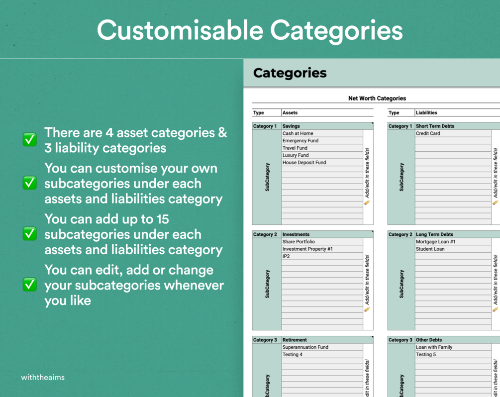 🌎 CURRENCIES: This net worth annual dashboard & tracker is available in and more:
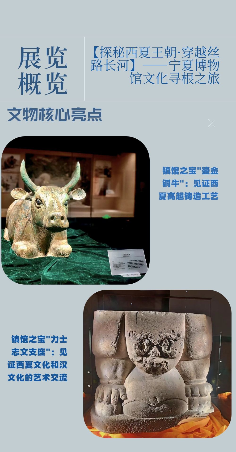 宁夏博物馆大咖精讲【每人配耳麦+预约门票】 半日阅尽通讲通览【宁夏博物馆馆藏丰富,展品跨越了漫长的历史时期。讲解员能够以时间为线索,将宁夏从远古到现代的历史发展】
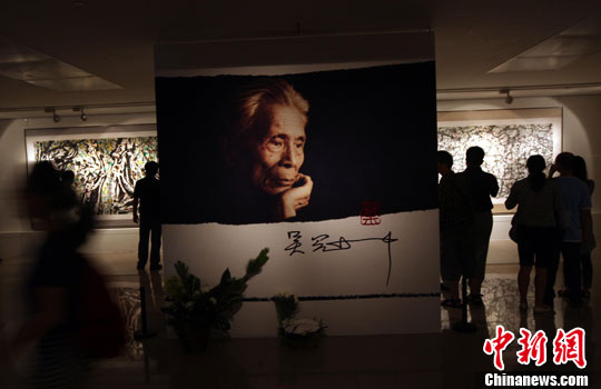 7月10日,民众在位于北京的中国美术馆观看“不负丹青——吴冠中纪念特展”,追念大师风采。中新社发 武仲林 摄

▸ **TRY IT**
Ignoring the pictures, write out word for word only the lines from the one containing "宁夏博物馆大咖精讲【每人配耳" through the last line of the data, both ends included.

▸ **RESPONSE**
 宁夏博物馆大咖精讲【每人配耳麦+预约门票】 半日阅尽通讲通览【宁夏博物馆馆藏丰富,展品跨越了漫长的历史时期。讲解员能够以时间为线索,将宁夏从远古到现代的历史发展】
 7月10日,民众在位于北京的中国美术馆观看“不负丹青——吴冠中纪念特展”,追念大师风采。中新社发 武仲林 摄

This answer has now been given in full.